With the Autonomy news still fresh in people's minds it was unsurprising that the subject was addressed. Asked if it would be detrimental to UK start-ups looking for a cash injection, Julie Meyer said it was only natural there would be an affect.

"Intuitively they [investors] will be a little bit more careful," Meyer said.

Meyer is an American-born entrepreneur and investor who helped found Ariadne Capital Entrepreneurs Fund.

She went on to tell the audience of entrepreneurs and inventors that a business model, which a lot of UK start-ups seem to follow, of building up their value just so they can sell to US companies is inherently "flawed."

This view was echoed by Graham Weston, chairman and founder of cloud hosting company Rackspace - which was launching the Rackspace Startup Programme 2013 which aims to provide cloud computing resources to support start-ups in the UK.

Weston said that building a company with the express intention of selling it to a big multi-national was not a good idea.

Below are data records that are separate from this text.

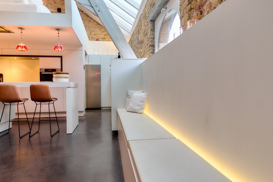 Met een indrukwekkende bewoonbare oppervlakte van ca. 300 m² biedt deze loft grootse volumes zonder ook maar één moment aan gezelligheid in te boeten. Integendeel: dit is een loft die uitzonderlijk warm aanvoelt. Cosy. Geborgen. Een instant gevoel van thuiskomen, midden in de stad.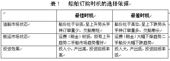 從影響船東選擇船舶訂購時(shí)機(jī)的主要因素看,除與公司自身發(fā)展戰(zhàn)略、資金實(shí)力和籌集能力等內(nèi)部因素有關(guān)外,還與當(dāng)時(shí)造船市場(chǎng)和航運(yùn)市場(chǎng)的狀態(tài)和發(fā)展趨勢(shì),特別是船價(jià)和運(yùn)價(jià)狀況密切相關(guān)。我們認(rèn)為,航運(yùn)企業(yè)最理想投資訂造新船的時(shí)機(jī)是:船價(jià)已進(jìn)入谷底并即將上漲,航運(yùn)市場(chǎng)低迷但中長(zhǎng)期趨勢(shì)看好。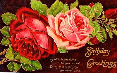 Title (ebay affiliate link): Vintage Birthday Postcard ~ Pink & Red Roses ~ Embossed ~ Germany ~ Circa 1910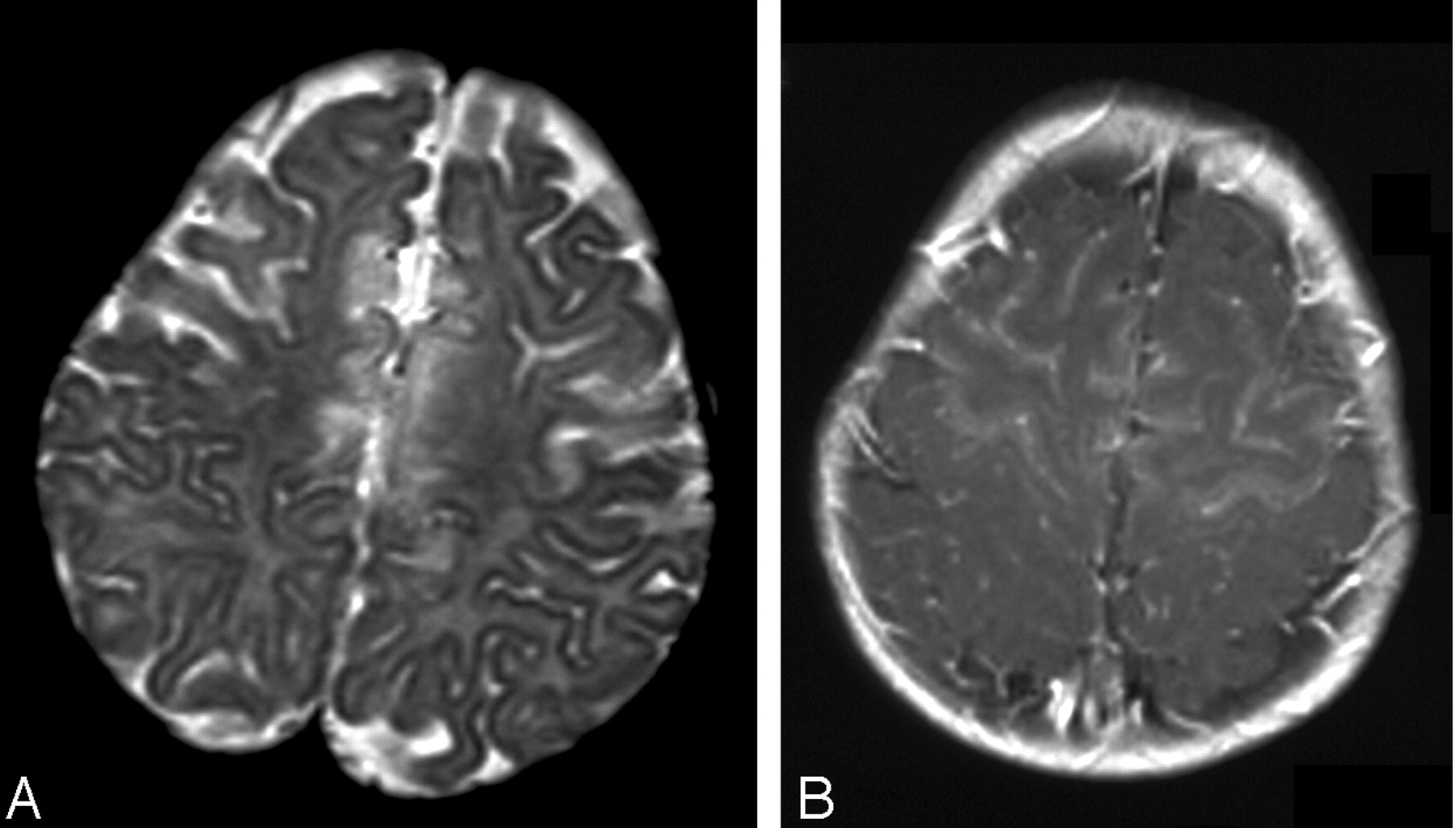 On MR examination at presentation, T2-weighted images showed hyperintensity of the mammillary bodies, periaqueductal gray matter, thalami, and basal ganglia in four patients, and images showed hyperintensity of the brainstem in three (Figs 1A and 2A). In one infant, involvement of the deep gray matter structures was visualized on follow-up study performed 5 days later because of clinical deterioration (Fig 1B–D). All patients had abnormal hyperintensity in the frontal regions. Four had diffuse involvement of both cortex and white matter up to the central gyrus (Figs 2B and 3). All lesions were bilateral and symmetric. In one infant, only the superior frontal region was involved, and in our youngest patient, only the precentral region (Fig 4A). Of note, optimal visualization of the mammillary bodies was not achieved in this patient.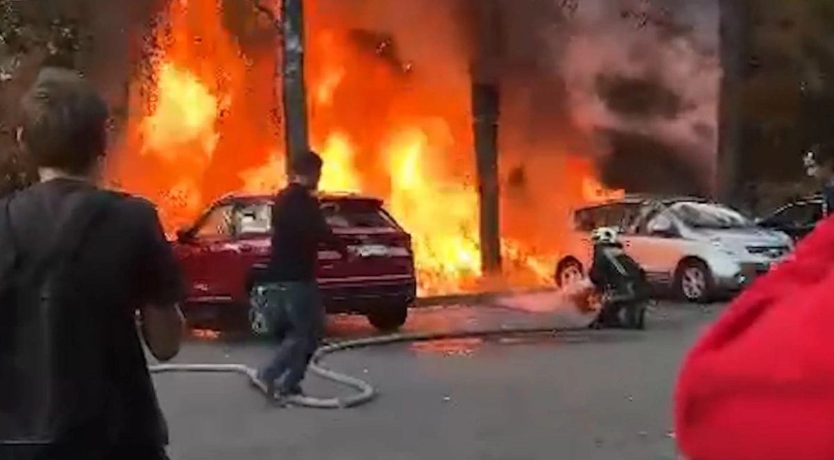 Ребёнок поджёг парковку в Москве. Видео © SHOT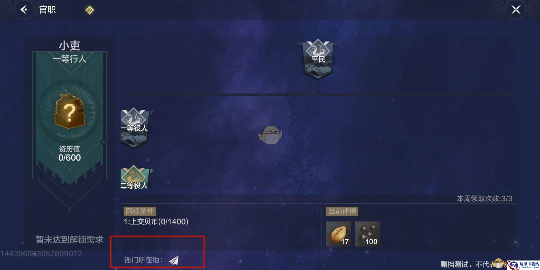 2、注意官职界面的衙门所在地图标,点击后可以在地图上显示衙门的位置。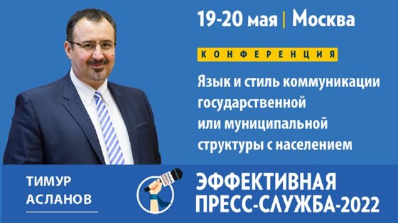 С таким докладом выступит Тимур Асланов на конференции «ЭФФЕКТИВНАЯ ПРЕСС-СЛУЖБА-2022», которая пройдет 19-20 мая в Москве.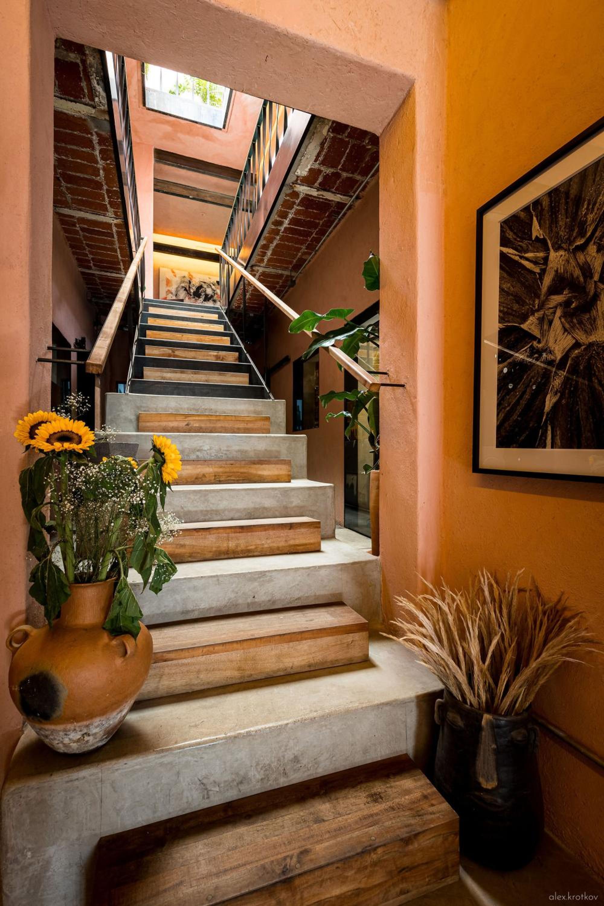 The building itself is quite striking inside. It is more modern, but the space is softened by color, lots of plants, dim lighting, and flowers in the room, which made it feel warm and inviting rather than stark. The rooftop is beautiful, with great views of the city and mountains and even more greenery. It was a really lovely place to spend time and eat breakfast.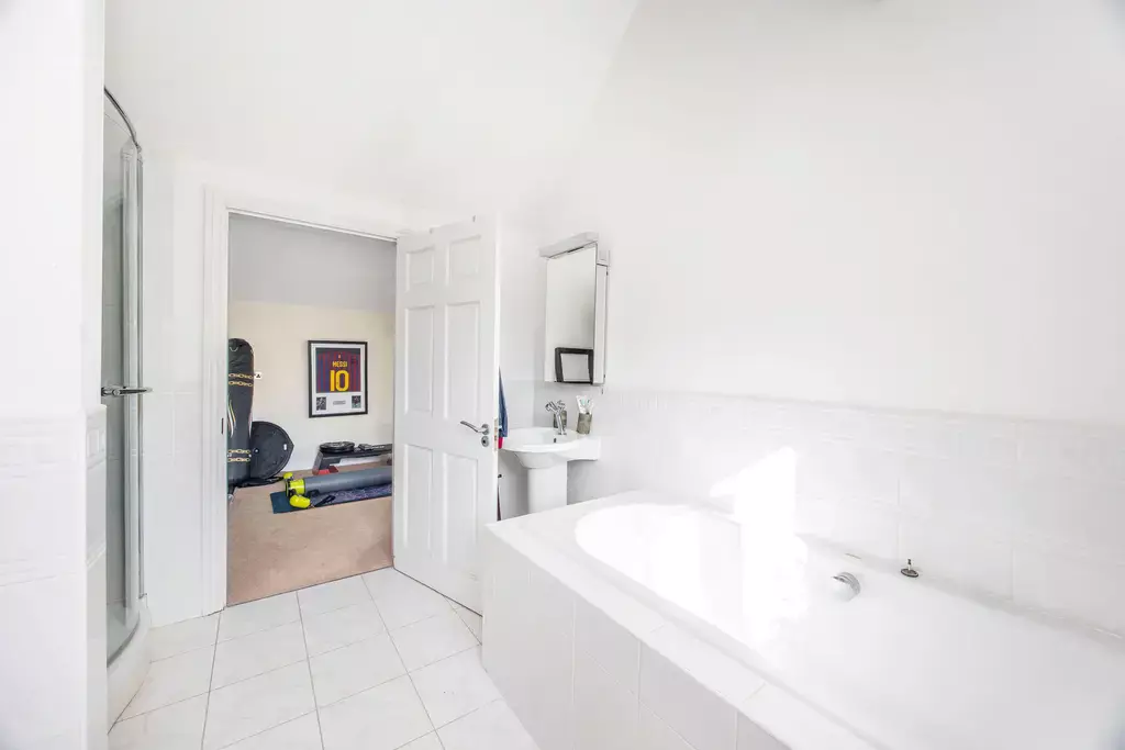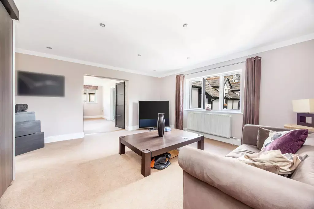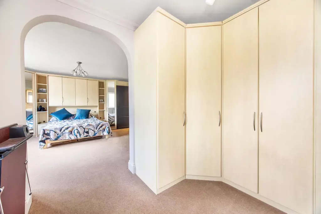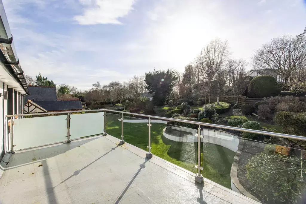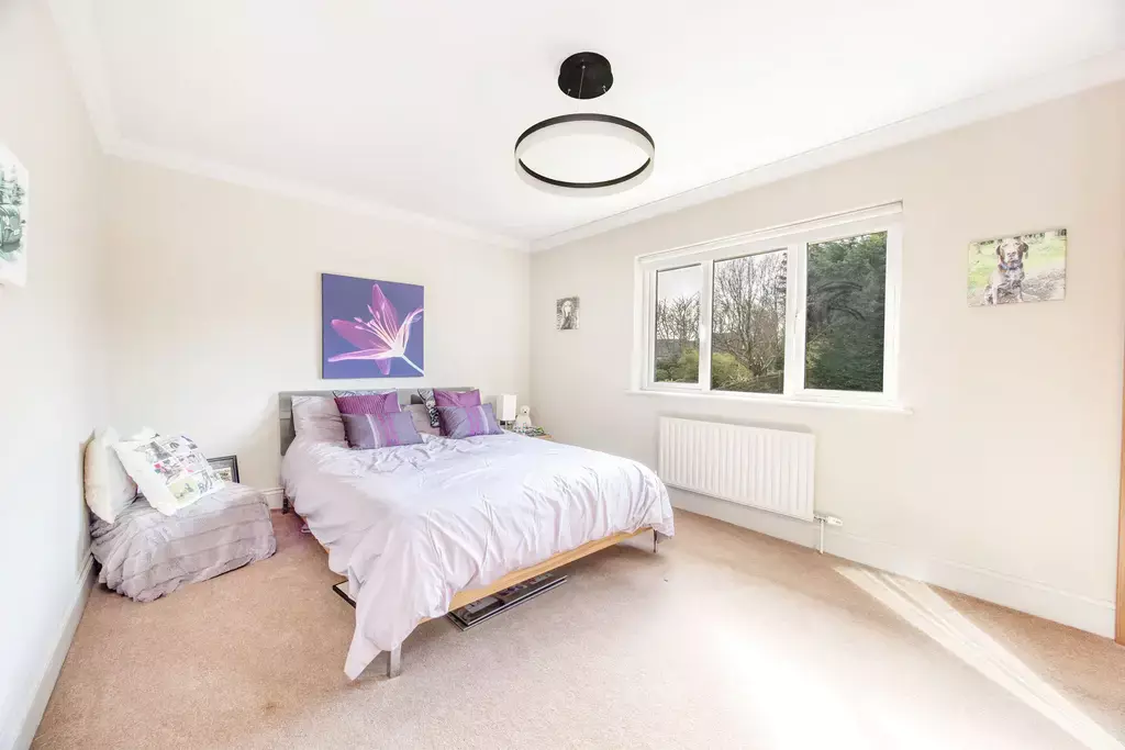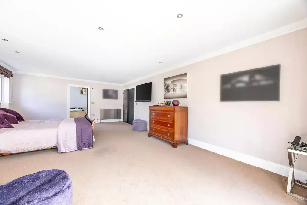 The principal bedroom suite offers a true sense of retreat, featuring a generous bedroom with a private balcony enjoying aspects over the beautiful gardens, a separate sitting room, dressing room, and a luxurious en-suite with a feature vaulted ceiling. Three further double bedrooms are beautifully appointed, supported by an additional dressing room, further en-suite facilities, and a high-specification family bathroom.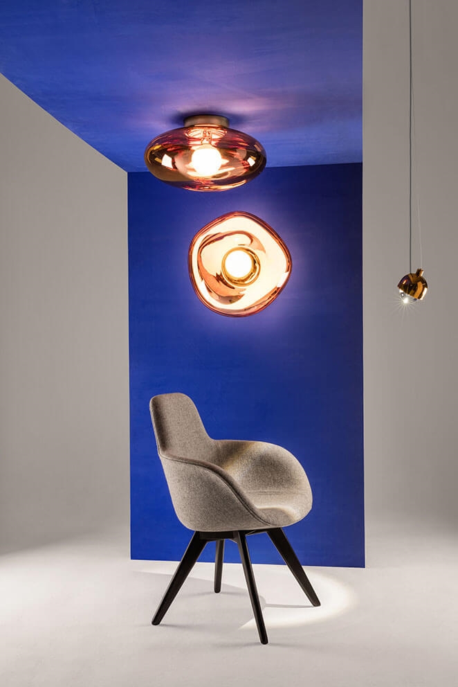 Seria Melt powstała we współpracy między Tom Dixon a szwedzkim kolektywem designerskim Front z zamiarem stworzenia niedoskonałego, organicznego i naturalistycznego obiektu świetlnego. Wyraz serii inspirowany jest stopionym szkłem, wnętrzem topniejącego lodowca i obrazami głębokiego kosmosu.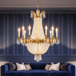 Elevate your space with our exquisite 10 Lights Chandelier, featuring a timeless bronze structure adorned with stunning crystal drops. This chandelier seamlessly blends classic design with meticulous craftsmanship, casting a mesmerizing and opulent glow throughout your setting. Illuminate your surroundings with grace and luxury. Shop now to bring the enduring beauty of the 10 Lights Chandelier with bronze accents and crystal drops into your home.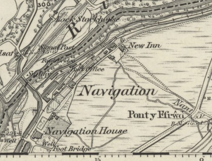 Navigation, on the maps below, is Abercynon. The lower map shows the canal basin and the tramway lines which served it. They seemingly are still in place in 1884/1885.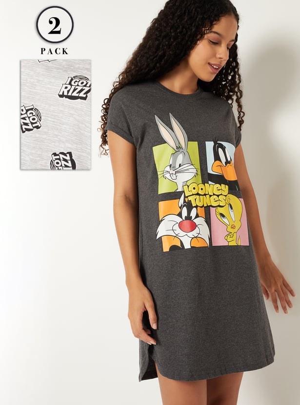 A pack of two printed chemises styled with a round neck, half sleeves, and a knee-length profile for relaxed wear. The easy fit and playful prints make this set ideal for bedtime comfort, lounging, and all-day indoor wear.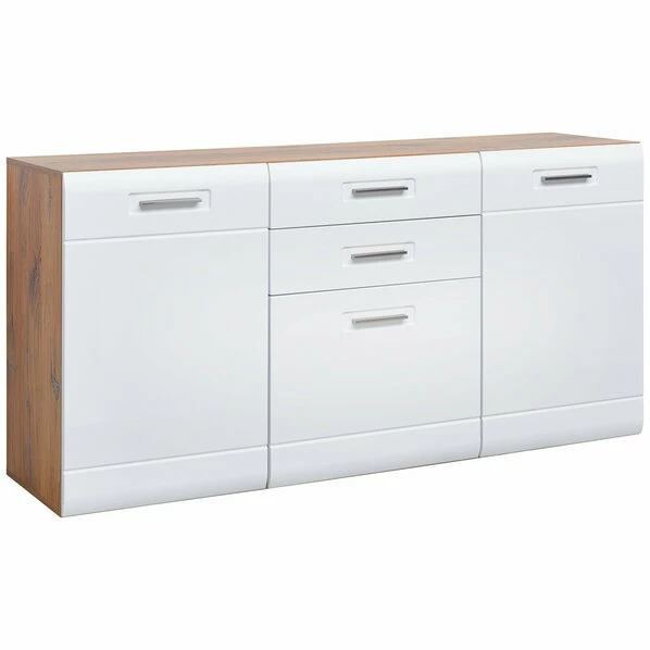 In zwei großzügigen Schubkästen und hinter drei Türen überzeugt das Luca Bessoni Sideboard mit vielen Stauraummöglichkeiten. Die Innenräume werden von vier Einlegeböden in praktische Fächer aufgeteilt. Für ein modernes Ambiente in deinem Wohnraum sorgt die Farbkombination aus Flagstaff Eiche Nachbildung und Fronten in Weiß.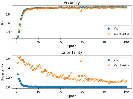In Figure 6, we show the comparison of accuracy and uncertainty between the traditional EDL loss function and the loss function with proposed constraints, i.e., , when changing the number of epochs. It can be seen that, shortly after the start of training, the uncertainty of becomes almost zero. On the other hand, with , uncertainty decreases as training progresses, preventing it from becoming extremely small. This behavior indicates that the proposed KL-augmented loss inherits the stable convergence property of KL divergence, which has been empirically observed across various machine learning tasks.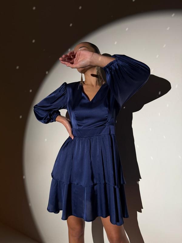 💎💎В НАЯВНОСТІ 💎💎 НОВИНКА 💎💎 🎀🎀Сукня 🎀🎀 Арт. SV 584 Тканина: королівський шовк Колір: синій,мокко, пудра Розміри: S, M, L, XL Опис : Шовкова сукня бебі дол міні довжини з ярусними воланами. Модель з V-подібним вирізом горловини та рукавами 3/4. Застібка -прихована блискавка на спині. (Заміри вказані на параметри)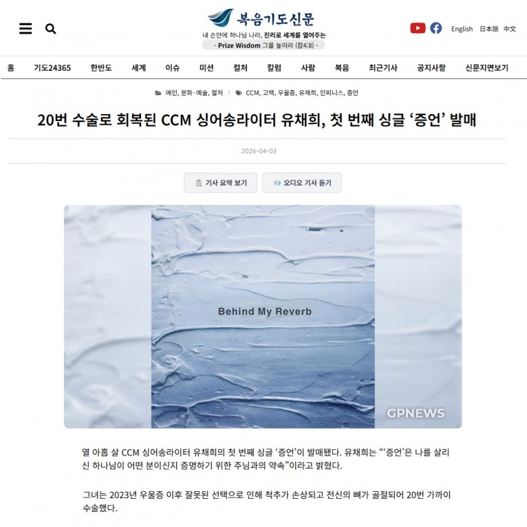 [기사] 20번 수술로 회복된 CCM 싱어송라이터 유채희, 첫 번째 싱글 ‘증언’ 발매(복음기도신문)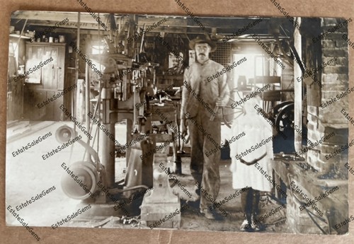 Antique RPPC Prescott Kansas shop Machine shop Real Photo Postcard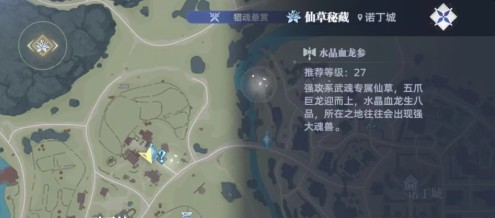 水晶血龙参:位置是在山顶上,不过因为这边地势相对比较高,在获取时有一些难度,要想方便于采集,可以选择具有飞行能力的武魂角色。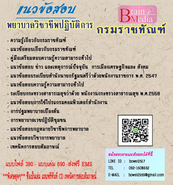 โหลดแนวข้อสอบ พยาบาลวิชาชีพปฏิบัติการ กรมราชทัณฑ์

"I think there is a perspective, short-term thinking, [that] once you make something successful, you sell it."

Weston went on to day that companies who do this never fulfil their promise.

Don't cry

However addressing the Autonomy issue directly, Weston said that people on this side of the Atlantic shouldn't worry too much about the $9bn write down:

"Autonomy go a heck of a price. [It was a] net positive for Britain on that one. Don't cry too much about Autonomy because Brits got the best of that deal."